News Release

Viruses help strep bacteria turn deadly

Peer-Reviewed Publication

NIH/National Institute of Allergy and Infectious Diseases

A common bacterium can turn into a potent killer if it picks up the right set of genes, but how and when those genes are acquired has remained poorly understood. In a new study, researchers show that special viruses are the culprits behind the emergence of virulent select new bacterial strains. Those viruses, called bacteriophages, specifically infect bacteria, capture some of their genes, and transfer the genes from one microbe to the next. By moving genes among their hosts, bacteriophages can create new bacterial strains with potentially deadly properties.
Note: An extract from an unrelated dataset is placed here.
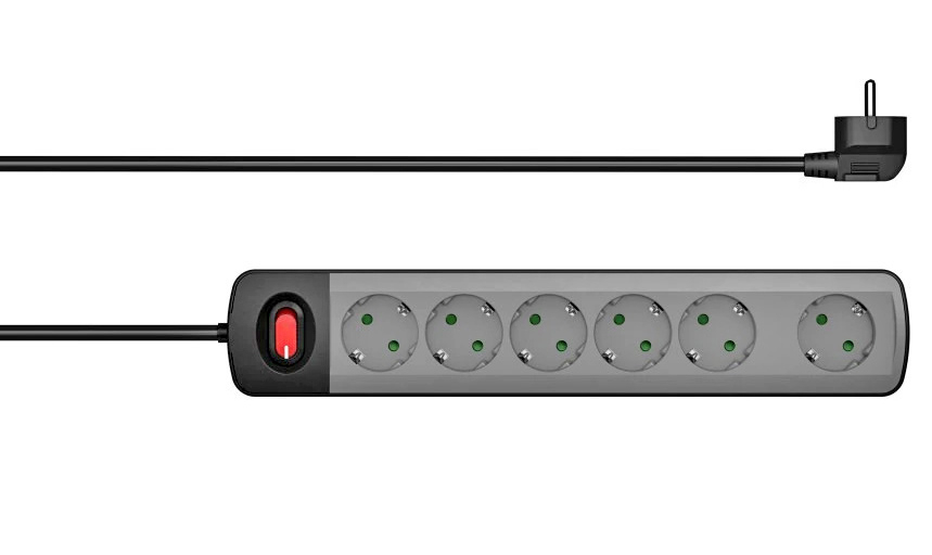Разклонител HAMA 223059: 6 гнезда шуко, 1.5 метра кабел, осветен ключ

The discovery, which will reported this week in the online edition of Proceedings of the National Academy of Sciences, highlights an important mechanism for bacterial evolution and identifies several potential targets for vaccines or drugs to prevent or treat some severe infections.

Group A Streptococcus (GAS) bacteria are common microbes that cause many different diseases, including strep throat, wound infections, toxic shock, "flesh-eating" disease, scarlet fever, rheumatic fever and kidney ailments. James Musser, M.D., Ph.D., of the National Institute of Allergy and Infectious Diseases (NIAID), seeks to understand why some GAS strains cause severe infections while others lead to milder illnesses. To accomplish that goal, he and his collaborators have turned to the GAS genome. By comparing the complete genetic blueprints of bacterial strains isolated from people with different GAS infections, the researchers hope to identify specific genes linked with individual diseases.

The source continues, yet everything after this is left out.